JavaScript/Node.js tutorial

Sign in users in a sample Node.js web application - Microsoft Entra External ID | Microsoft Learn

Tutorial: Sign in users to ASP .NET Core

.NET Core tutorial

Sign in users to a sample ASP.NET Core web application - Microsoft Entra External ID | Microsoft Learn

Sign in users to a Python Flask app

Python tutorial

Sign in users in a sample Python Flask web application - Microsoft Entra External ID | Microsoft Learn

Tutorial: Sign in to Node.js app

JavaScript/Node.js tutorial

Tutorial: Prepare your external tenant to sign in users in a Node.js web app - Microsoft Entra External ID | Microsoft Learn

Tutorial: Sign in users to .NET Core app

.NET Core Tutorial

Tutorial: Prepare your external tenant to authenticate users in an ASP.NET Core web app - Microsoft Entra External ID | Microsoft Learn

Summary and takeaways

In summary, we introduced you to Entra and some of its products in a large family of products. You were also shown some scenarios and what products would fit. Finally, we recommended some great starter links. Hope you’re off to a great start, thanks for reading!

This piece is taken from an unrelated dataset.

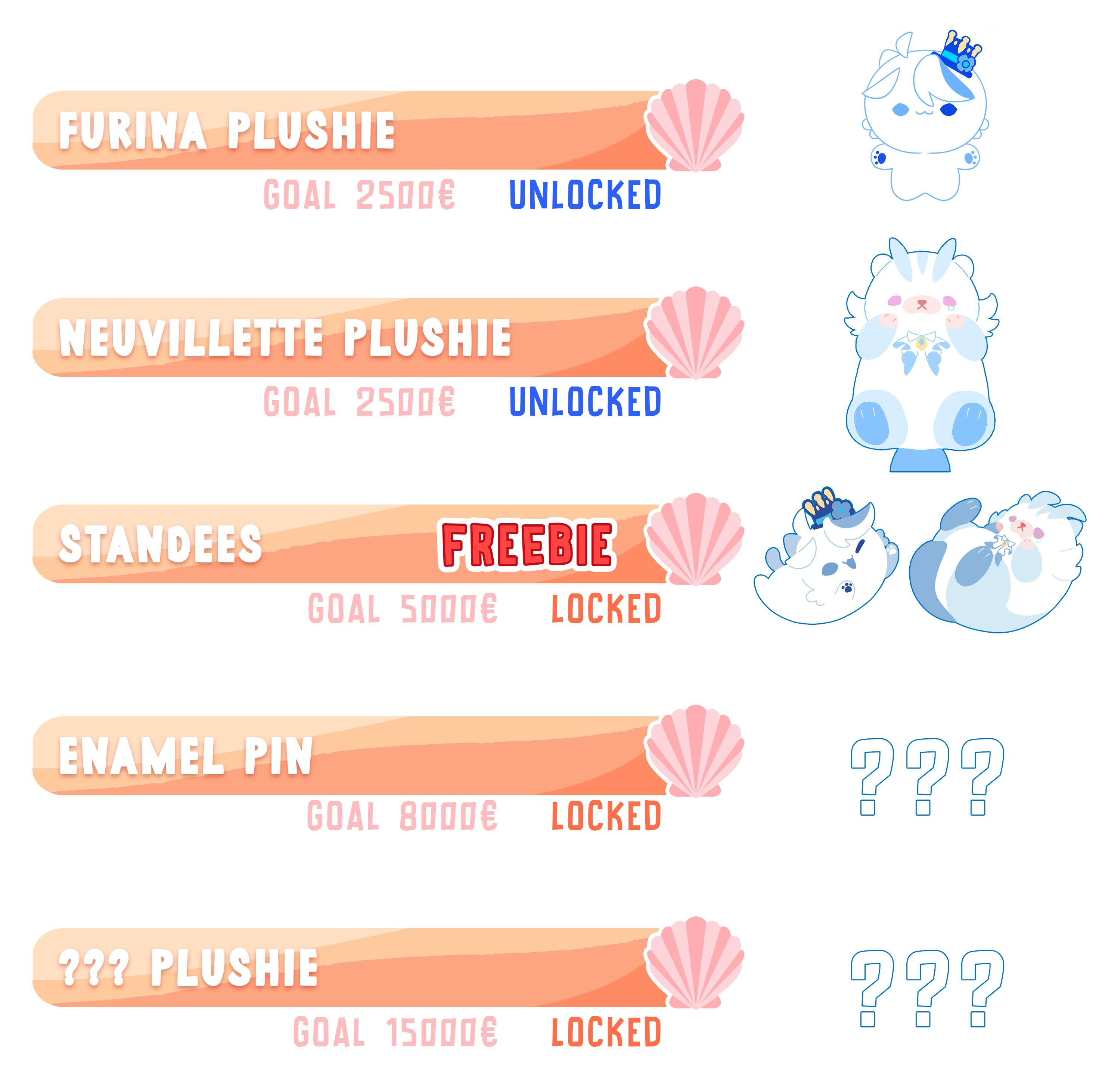 Rewards are unlocked if we surpass the funding goal! You can pledge for a locked goal to help us to reach it sooner! ♡

What is Entra and why choose it to secure your apps (2024)
Top Articles
Latest Posts
Recommended Articles
Article information

Author: Annamae Dooley

Last Updated:

Views: 5555

Rating: 4.4 / 5 (45 voted)

Reviews: 84% of readers found this page helpful

Author information

Name: Annamae Dooley

Birthday: 2001-07-26

Address: 9687 Tambra Meadow, Bradleyhaven, TN 53219

Phone: +9316045904039

Job: Future Coordinator

Hobby: Archery, Couponing, Poi, Kite flying, Knitting, Rappelling, Baseball

Introduction: My name is Annamae Dooley, I am a witty, quaint, lovely, clever, rich, sparkling, powerful person who loves writing and wants to share my knowledge and understanding with you.